Single by Jason Derulo

from the album Jason Derulo
- Released: August 9, 2010
- Genre: Pop; R&B;
- Length: 3:22
- Label: Beluga Heights; Asylum; Warner Bros.;
- Songwriter(s): Jason Desrouleaux; J.R. Rotem;
- Producer(s): J. R. Rotem

Jason Derulo singles chronology
| "Ridin' Solo" (2010) | "What If" (2010) | "The Sky's the Limit" (2010) |

= What If (Jason Derulo song) =

2010 single by Jason Derulo

"What If" is the fourth single released by American singer Jason Derulo on his self-titled debut album. The single was first released in the UK on July 26, 2010, where it peaked at number 12, marking Derulo's fourth consecutive top-20 hit in the country.

==Chart performance==
"What If" debuted on the UK Singles Chart at number 40 on July 17, 2010, following the release of the accompanying music video. The single also charted at number 18 on the UK R&B Chart that same week. The following week, the single rose 21 places to number 19, marking Derulo's fourth top-20 single in the UK. Then the following week it rose again to number 12, marking Derulo's fourth top-15 single in the UK. On the same week it rose to number 5 on the UK R&B Chart, marking his fourth top five on the R&B Chart hit
member 27, 2010, "What If" debuted at number 76 on the Billboard Hot 100.

==Music video==
The music video premiered on July 12, 2010, on the music channel program The Official UK Top 40. It was revealed later that week that Ethan Lader was the director for the video. The plot of the video appears to have been inspired by the movie The Butterfly Effect.
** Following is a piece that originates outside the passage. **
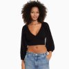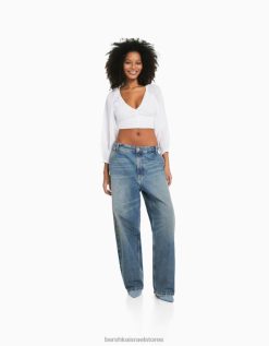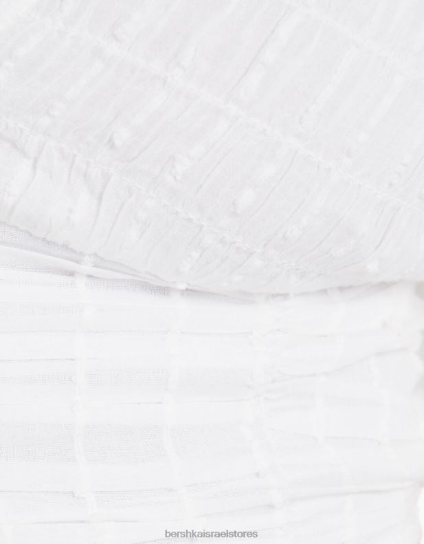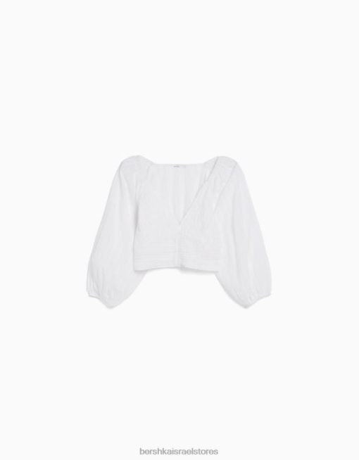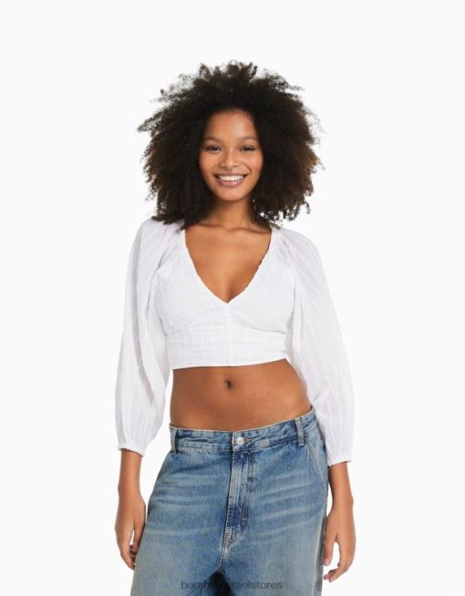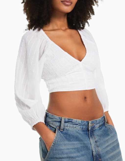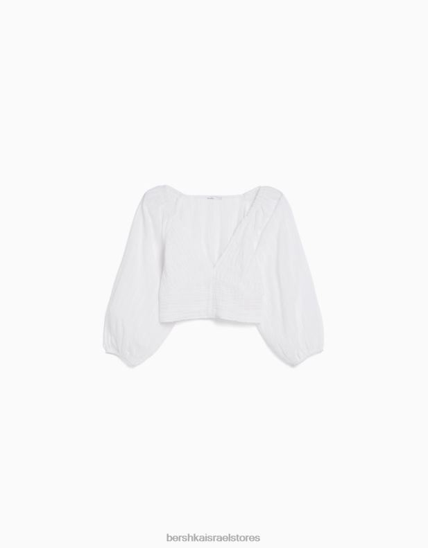 נשים חולצה בעלת שרוולים ארוכים עם צווארון V צבע קרם 2L6JD951 Bershka הַלבָּשָׁה

The music video begins with Derulo and his girlfriend (actress Laura Alexandra Grau) moving in together, Derulo takes a diamond engagement ring out of the nightstand and puts it in his pocket as she comes into the room. She leaves to get the last box from the moving truck. While walking across the street, a Camry driver who is distracted by texting nearly hits her. Derulo, hearing the skid from the car, runs from the house and towards her to push her out of the way of the car. As he reaches her, the video freezes. A clock on the nightstand begins to tick slower until it eventually stops, then begins going backwards. Time begins to go in reverse, Derulo and his girlfriend's relationship is shown as if the video is being rewound. When the video shows their first meeting, time begins to go forward again. This time, as he walks past her, he does not stop and talk to her. He looks back at her before he continues walking. She disappears from his memories and from a picture. The video ends back on the street, as the car is about to hit his girlfriend, she disappears as does the moving truck and the car continues moving.

==Track listings==
- CD single and digital download
1. "What If" – 3:22
2. "What If" (Wideboys radio edit) – 3:20

- UK iTunes EP
3. "What If" (album version) – 3:22
4. "What If" (Wideboys radio edit) – 3:20
5. "What If" (Wideboys club mix 5) – 5:50
6. "What If" (Electric Allstars mix) – 3:20
7. "What If" (music video) – 4:15

==Charts and certifications==

===Weekly charts===

| Chart (2010–2011) | Peak position |
|---|---|
| Australia (ARIA) | 32 |
| Austria (Ö3 Austria Top 40) | 35 |
| Belgium (Ultratip Bubbling Under Flanders) | 8 |
| European Hot 100 Singles (Billboard) | 37 |
| Germany (GfK) | 48 |
| Ireland (IRMA) | 16 |
| Netherlands (Dutch Top 40) | 18 |
| New Zealand (Recorded Music NZ) | 27 |
| UK Singles (OCC) | 12 |
| UK Hip Hop/R&B (OCC) | 5 |
| US Billboard Hot 100 | 76 |
| US Pop Airplay (Billboard) | 26 |

===Certifications===

| Region | Certification | Certified units/sales |
| United Kingdom (BPI) | Silver | 200,000^{‡} |
^{‡} Sales+streaming figures based on certification alone.